> [Brief]
With the pictures left out, retype exactly the lines below starting at the line that contains "Cárdigan de Punto" and ending at the line that contains "在事故發(fā)生后,檢修人".

> [Exercise material]
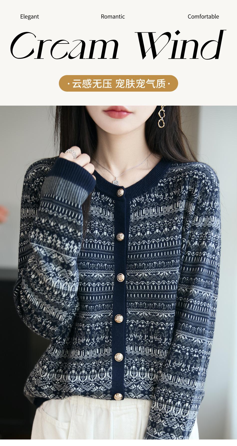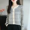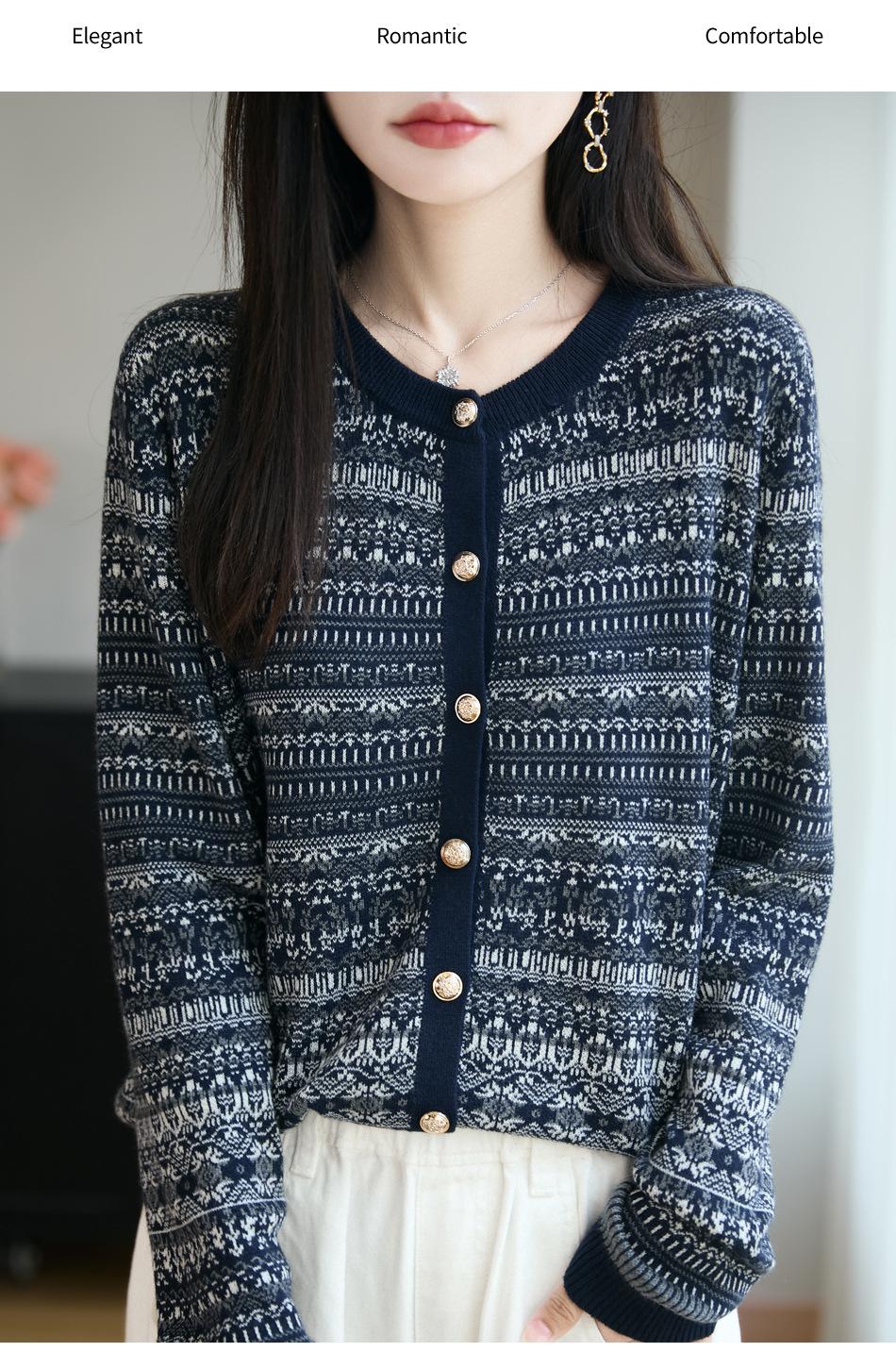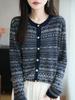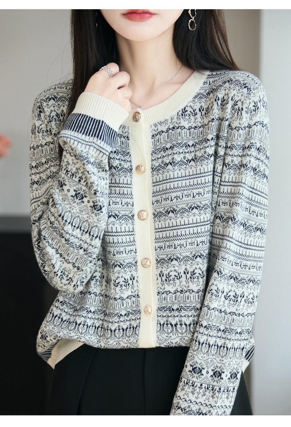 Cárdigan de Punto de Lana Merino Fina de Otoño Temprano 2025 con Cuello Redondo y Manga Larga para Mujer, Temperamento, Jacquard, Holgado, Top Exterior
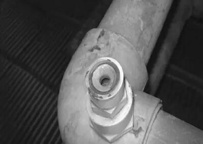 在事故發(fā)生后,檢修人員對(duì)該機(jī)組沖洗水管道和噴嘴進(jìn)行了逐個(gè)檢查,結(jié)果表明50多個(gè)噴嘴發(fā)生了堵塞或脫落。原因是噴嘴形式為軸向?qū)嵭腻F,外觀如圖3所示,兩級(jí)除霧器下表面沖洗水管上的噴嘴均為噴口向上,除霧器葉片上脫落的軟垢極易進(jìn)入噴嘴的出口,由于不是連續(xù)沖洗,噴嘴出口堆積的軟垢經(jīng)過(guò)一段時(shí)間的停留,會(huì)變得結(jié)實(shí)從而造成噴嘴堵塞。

==

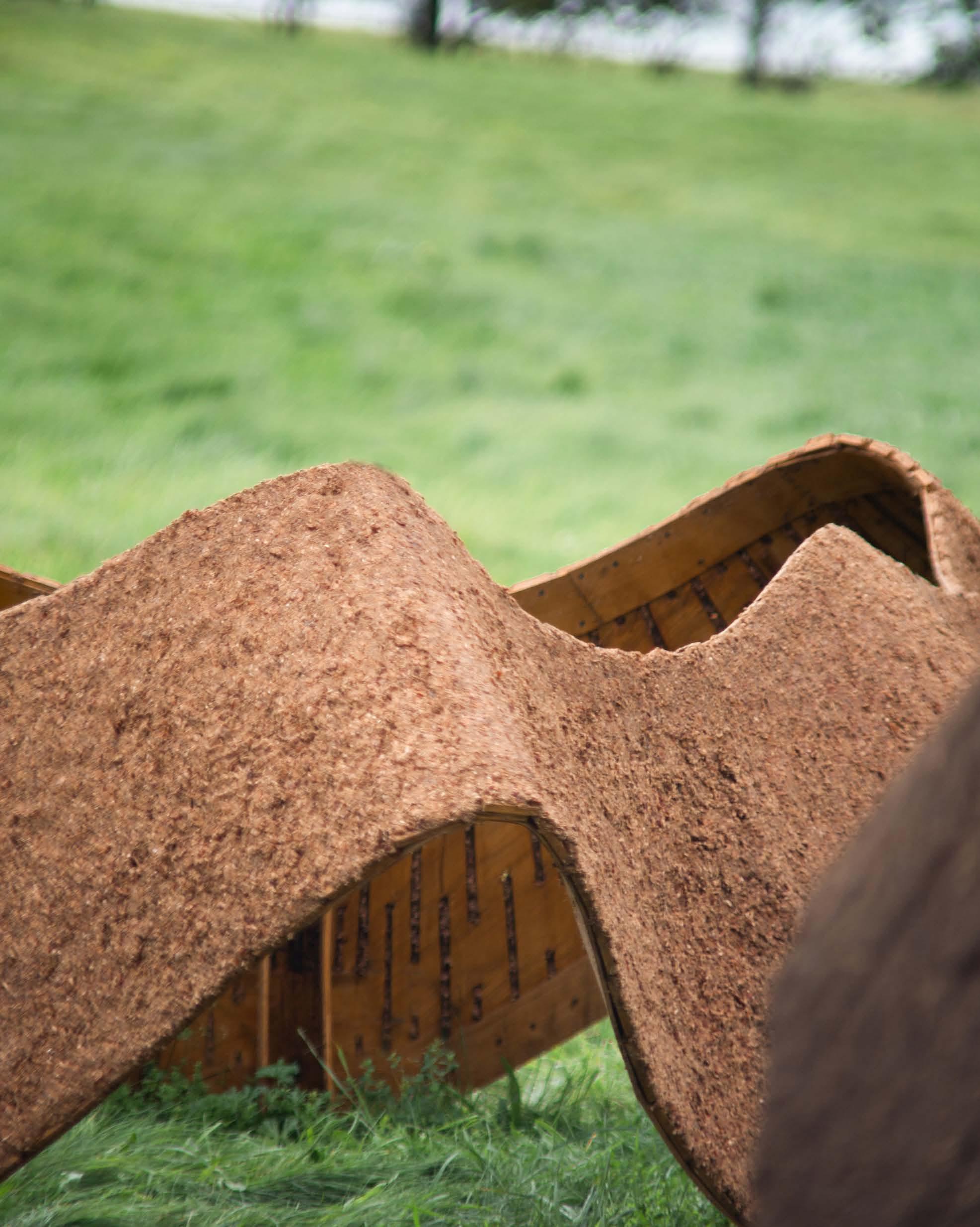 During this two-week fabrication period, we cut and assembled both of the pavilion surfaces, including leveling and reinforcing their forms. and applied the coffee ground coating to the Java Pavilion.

> [Answer section]
 Cárdigan de Punto de Lana Merino Fina de Otoño Temprano 2025 con Cuello Redondo y Manga Larga para Mujer, Temperamento, Jacquard, Holgado, Top Exterior
 在事故發(fā)生后,檢修人員對(duì)該機(jī)組沖洗水管道和噴嘴進(jìn)行了逐個(gè)檢查,結(jié)果表明50多個(gè)噴嘴發(fā)生了堵塞或脫落。原因是噴嘴形式為軸向?qū)嵭腻F,外觀如圖3所示,兩級(jí)除霧器下表面沖洗水管上的噴嘴均為噴口向上,除霧器葉片上脫落的軟垢極易進(jìn)入噴嘴的出口,由于不是連續(xù)沖洗,噴嘴出口堆積的軟垢經(jīng)過(guò)一段時(shí)間的停留,會(huì)變得結(jié)實(shí)從而造成噴嘴堵塞。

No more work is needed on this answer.